══ Provided records ══

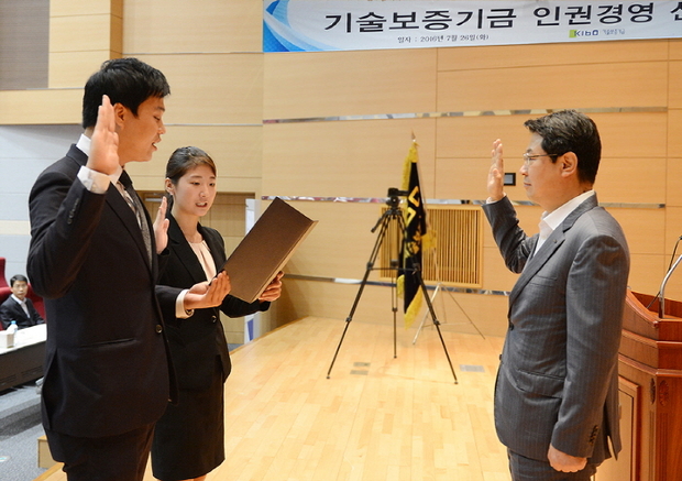 (조세금융신문=김사선 기자) 기술보증기금(이사장 김한철, 이하 ‘기보’)은 26일 부산 본점 대강당에서 임원진을 비롯한 전국 각 지역본부장과 영업점장이 참석한 가운데 “기술보증기금 인권경영 선포식”을 개최했다고 27일 밝혔다.
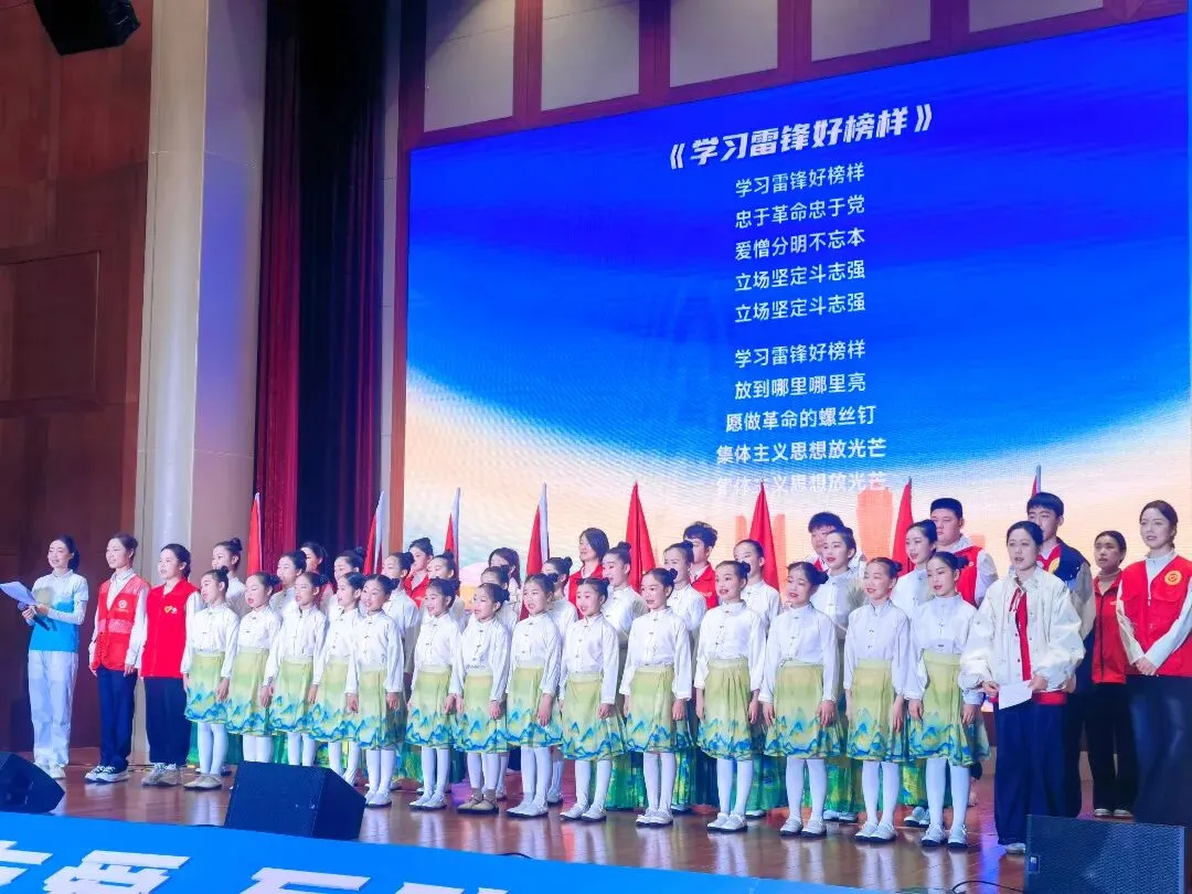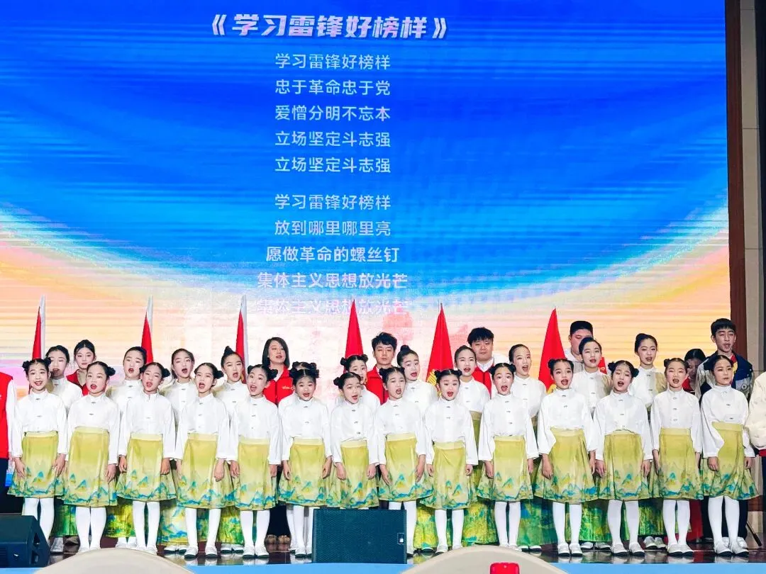 活动尾声,孩子们再次登台,和在场的志愿者代表们共同唱响《学习雷锋好榜样》。稚嫩而坚定的歌声铿锵有力,带动全场齐声合唱,将现场气氛推向高潮,让雷锋精神在歌声中传递、在共鸣中传承。
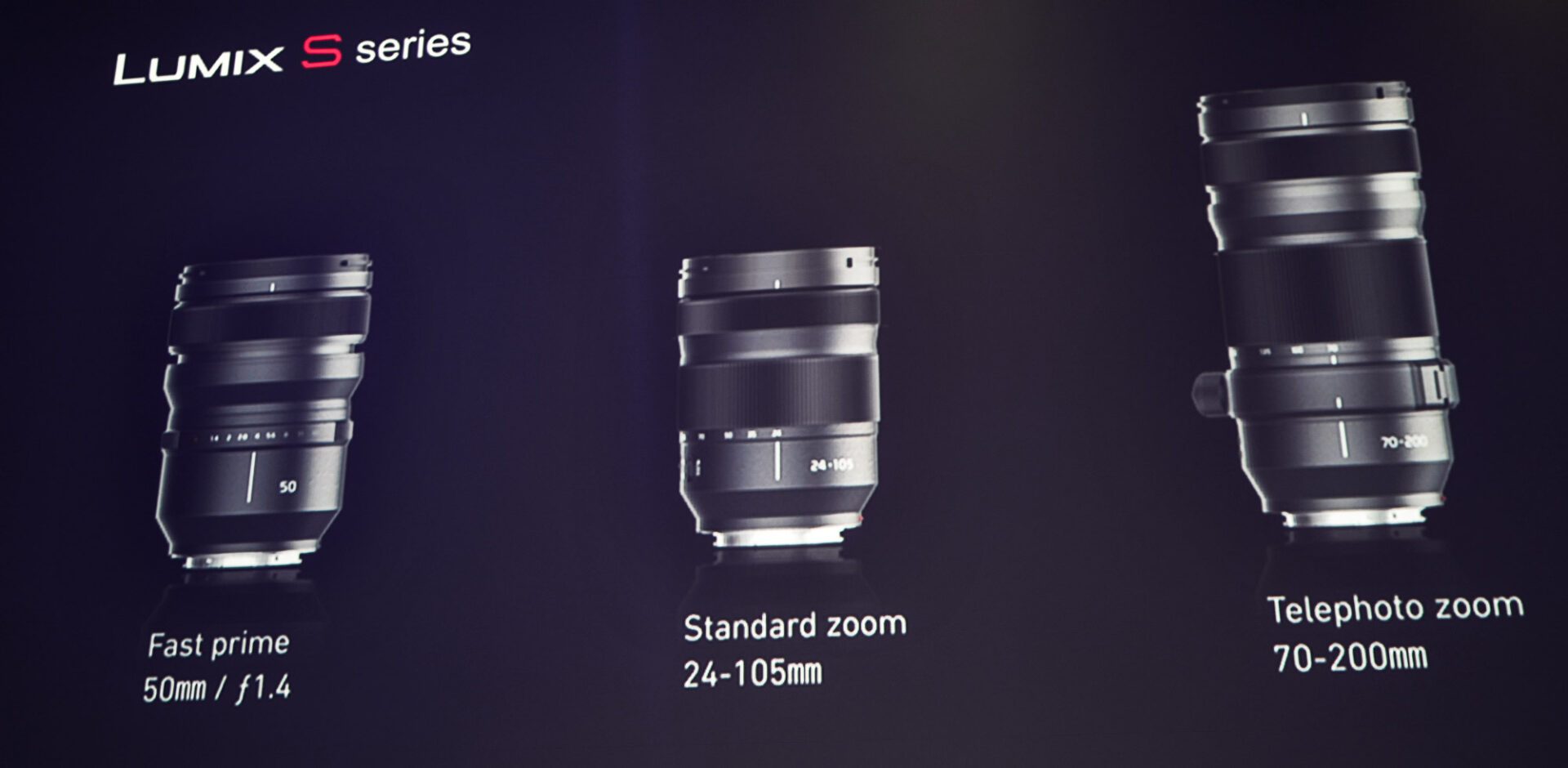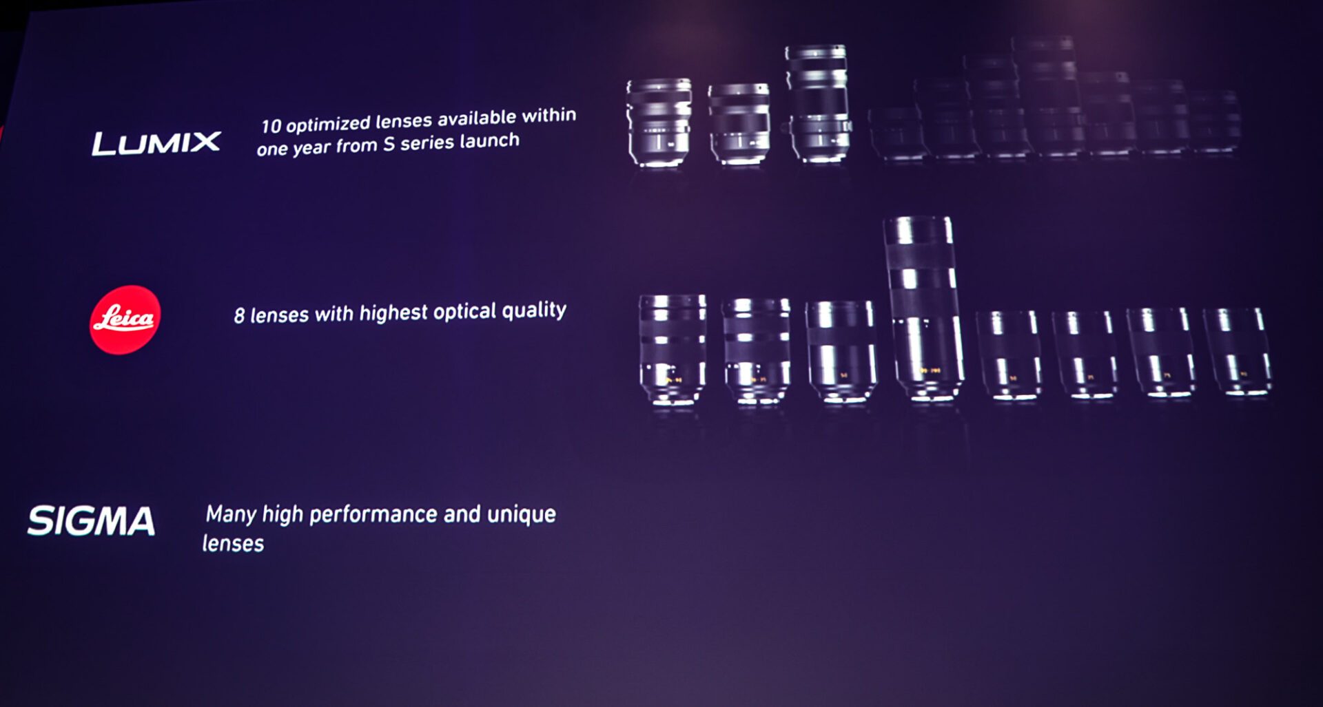 Outre les six optiques SL déjà disponibles chez Leica (deux de plus en 2019 et 3 de plus en 2020) et celles que Sigma, partenaire de la monture, devrait annoncer, Panasonic annonce trois optiques au lancement : un 50 mm f/1.4, un 24-105 mm (f/ non communiqué) et un 70-200 mm (f/ non communiqué).
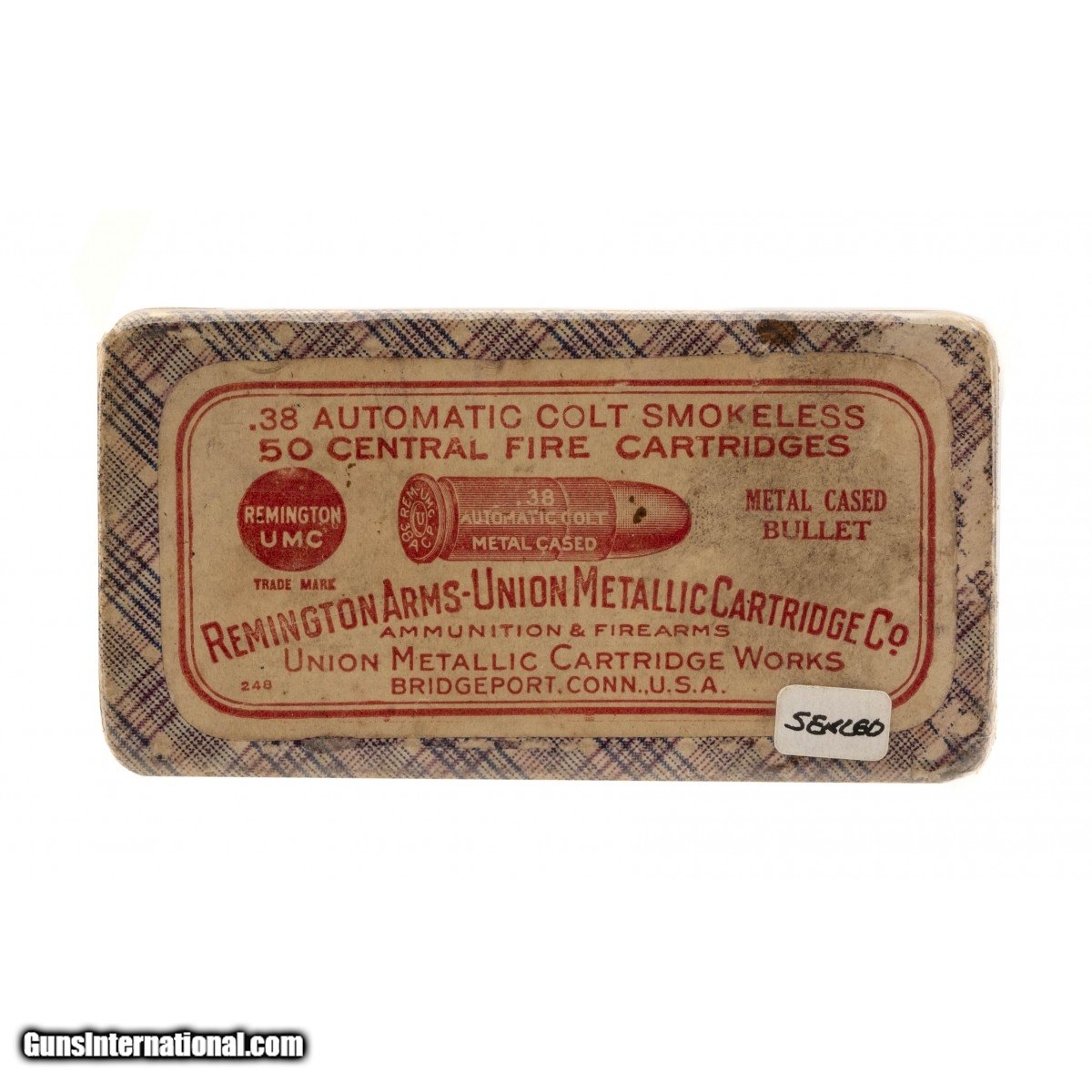 Description: " .38 Automatic Colt Smokeless CF Cartridges in Sealed Box of 50. SOLD |
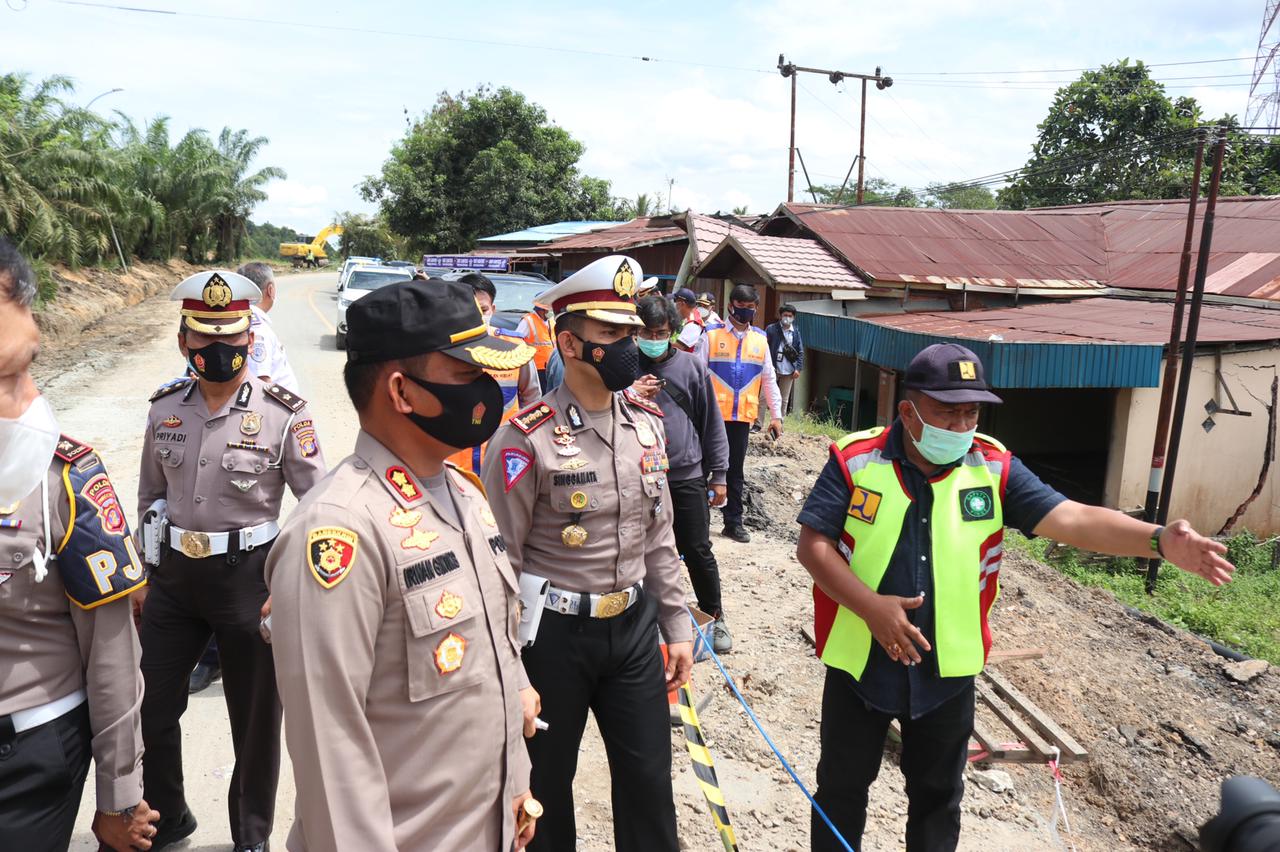 KUKAR – Dir Lantas Polda Kaltim Kombes Pol Singgamata dan Kapolres Kukar AKBP Irwan Masulin Ginting bersama tim gabungan melakukan pengecekan lokasi jalan Samarinda-Balikpapan yang longsor di area KM 7, Loa Janan Kutai Kartanegara, Senin (18/01/2021).
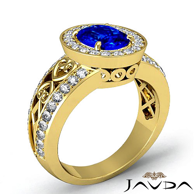 Halo Pave Filigree Shank style Engagement Ring, center is Oval shape D Block Tanzanite Report by , Color & clarity, Made in 14k Yellow Gold (1.75 ct. tw.)

═══

● **Work instructions**
Reproduce exactly the lines from the beginning of the material down to the line containing "of 50. SOLD |", both ends included, but not the pictures or anything after.

● **Solved exercise**
 (조세금융신문=김사선 기자) 기술보증기금(이사장 김한철, 이하 ‘기보’)은 26일 부산 본점 대강당에서 임원진을 비롯한 전국 각 지역본부장과 영업점장이 참석한 가운데 “기술보증기금 인권경영 선포식”을 개최했다고 27일 밝혔다.
 活动尾声,孩子们再次登台,和在场的志愿者代表们共同唱响《学习雷锋好榜样》。稚嫩而坚定的歌声铿锵有力,带动全场齐声合唱,将现场气氛推向高潮,让雷锋精神在歌声中传递、在共鸣中传承。
 Outre les six optiques SL déjà disponibles chez Leica (deux de plus en 2019 et 3 de plus en 2020) et celles que Sigma, partenaire de la monture, devrait annoncer, Panasonic annonce trois optiques au lancement : un 50 mm f/1.4, un 24-105 mm (f/ non communiqué) et un 70-200 mm (f/ non communiqué).
 Description: " .38 Automatic Colt Smokeless CF Cartridges in Sealed Box of 50. SOLD |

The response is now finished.